Сыны же сотников моих – с пятью нукерами и младшим братом, а сыновья десятников и граждан состояния свободного – с тремя нукерами и младшим братом. Да чтобы были все они верхом! Пусть тысяцких ноёнов сыновья и десять их нукеров, вступающие в мой хишигтэн, у тысячи своей на содержанье будут.

И содержание сие, в размерах нами установленных, да не зависит от наследства, коим они родителем наделены, и от того добра, кое добыли сами. Равно и содержанье сыновей ноёнов-сотников с пятью нукерами и сыновей десятников и граждан состояния свободного с тремя нукерами да не зависит от личного их состоянья!»

И еще повелел Чингисхан: «Коли ноёны-тысяцкие, сотники, десятники пойти решатся супротив сего указа, суровая их ждет за это кара. Те же, кто будут уклоняться, при ставке службы убоявшись, да будут подменены другими, а сами осуждены на ссылку. Никто не смеет препятствия чинить тем подданным моим, кто пожелает в мою охрану личную вступить».

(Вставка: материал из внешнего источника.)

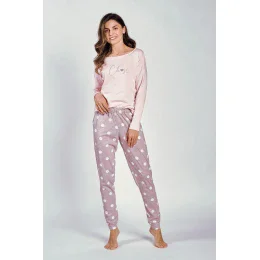 Dámske pyžamo ideálne na každý večer aj na domáce nosenie. Blúzka s dlhými rukávmi v jemných farbách má polkruhový výstrih a nápisy, ktoré jej dodávajú jemný šarm. Je vyrobená z mäkkej a vzdušnej tkaniny a poskytuje pohodlné nosenie. Dlhé nohavice s elastickým pásom sa dokonale prispôsobia postave a poskytujú voľnosť pohybu. Celá súprava je zabalená v praktickom vrecúšku, takže je ideálna ako darček. Toto pyžamo, navrhnuté a ušité v Poľsku, spája vysokú kvalitu a výnimočný štýl.
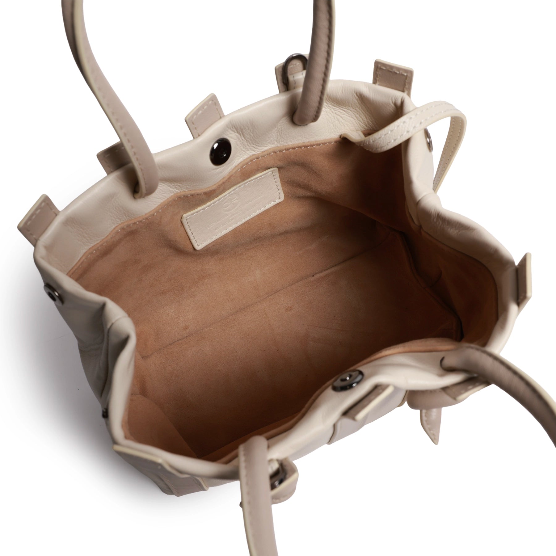 Meet your new essential: the Medium Shopping Bag in Nappa Ivory and Cipria Leather, where utility meets understated elegance. Designed for those who carry more — and carry it well — this spacious tote features a structured body, elevated with smooth leather stripe detailing for a clean, timeless look.
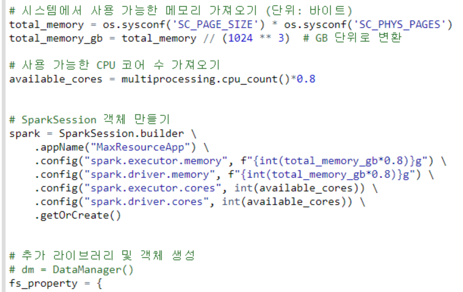- 파티션 크기: 할당된 메모리와 관련. 큰 파티션은 더 많은 메모리 필요.pyspark sparksession config 설정
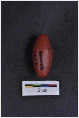 | Description / विवरण | Long barrel shaped bead, circular cross section, with perforation, smooth polished surface. |
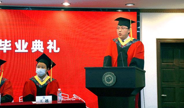 药剂182班刘宾代表本科毕业生发言。他感谢学校提供的全面细致帮助和优质平台,老师和学长学姐的悉心指导和建议,他如今带着母校及恩师的谆谆教导,加入国产色情网
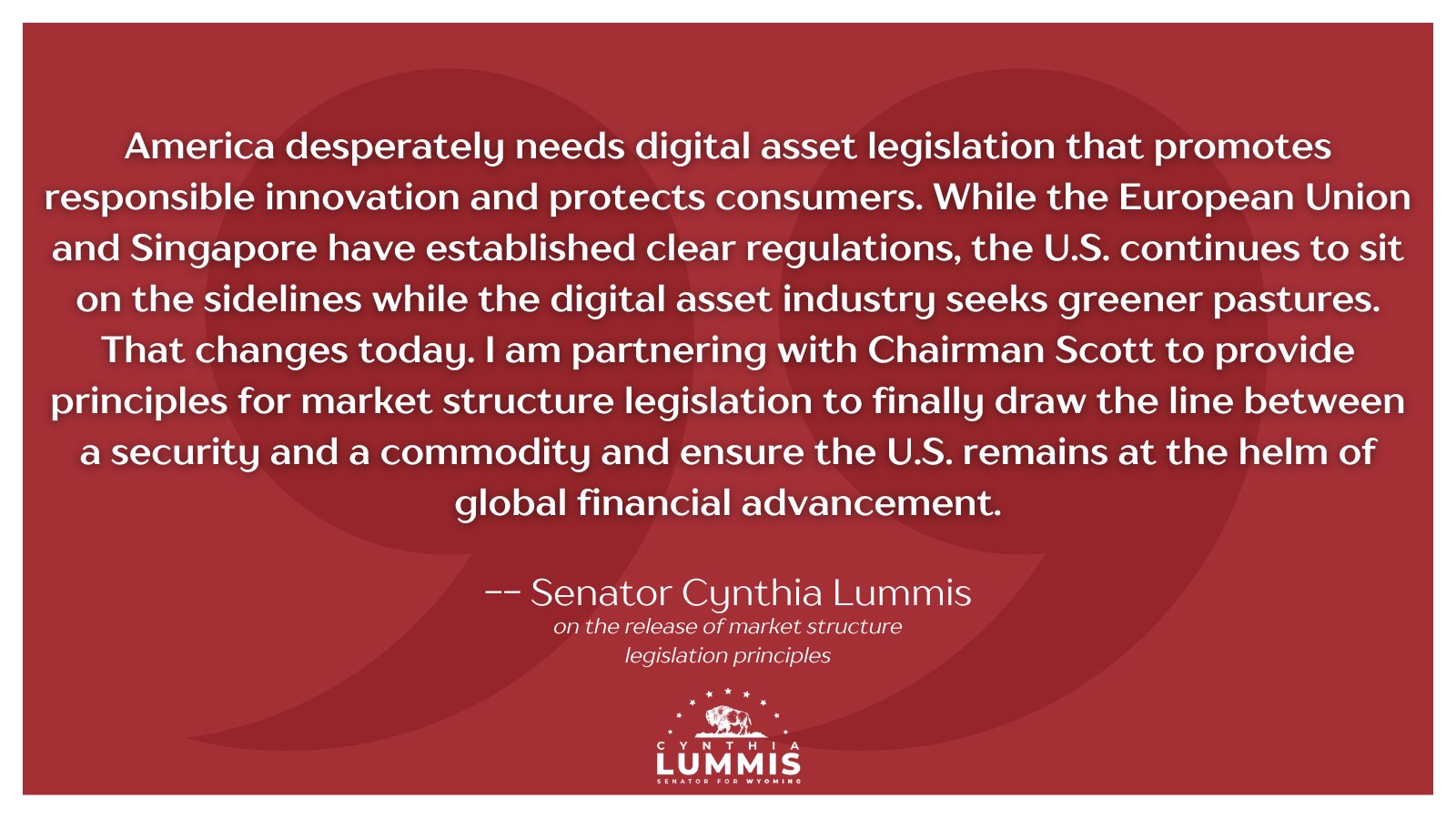 Sen. Cynthia Lummis: Congress is crafting "clear & innovative digital asset market structure legislation."

Сообразно указу сему сыновья тысяцких, сотников и десятников были отобраны и посланы в ханский хишигтэн[266]. Хэвтулов, коих в прежние годы было восемьдесят, стало восемьсот. И повелел тогда Чингисхан пополнить их ряды до тысячи и наказал не сметь запрещать подданным его к нему в хэвтулы поступать на службу. И повелел еще Чингисхан назначить Их Нэгурина командующим тысячью его хэвтулов.

Отобрав четыре сотни лучников-хорчинов, Чингисхан распорядился быть над ними головой Есунтэгэ, сыну Зэлмэ, а помогать ему советом в службе Бугидэю, сыну Тугэ. И приказал Чингисхан хорчинам нести караул вместе с турхагами в четыре смены: первой сменой лучников-хорчинов командовать Есунтэгэ, второй – Бугидэю, третьей – Орхудагу и четвертой – Лаблаху. И, назначив командующих сменами лучников-хорчинов в доблестной гвардии своей и пополнив их ряды до тысячи, поставил он над ними Есунтэгэ.

И повелел Чингисхан: «Ряды турхагов, коими прежде правил Угэлэ чэрби, до тысячи пополнены пусть будут. И пусть по-прежнему над ними властвует Угэлэ чэрби, сородич Борчу. Второю тысячью турхагов водительствует пусть Буха, сородич Мухали, а тысячею третьей – Алчидай, сородич Илугэя, четвертой тысячей – Додай чэрби, а пятой – Доголху чэрби, шестою тысячей – Чанай, сородич Журчидэя, а тысячей седьмою – Ахудай, сородич Алчи. Отобрана пусть будет тысяча батыров; водительствует ею пусть Архай хасар. И да несут они во дни покоя сменный караул гвардейский, когда же с ворогом сойдемся в сече, пускай щитом стоят передо мной!»

И отобрали среди присланных тысяцкими людей восемь тысяч турхагов. Вместе с двумя тысячами хэвтулов и хорчинов составили они тумэн хишигтэна – десятитысячный гвардейский корпус личной караульной стражи.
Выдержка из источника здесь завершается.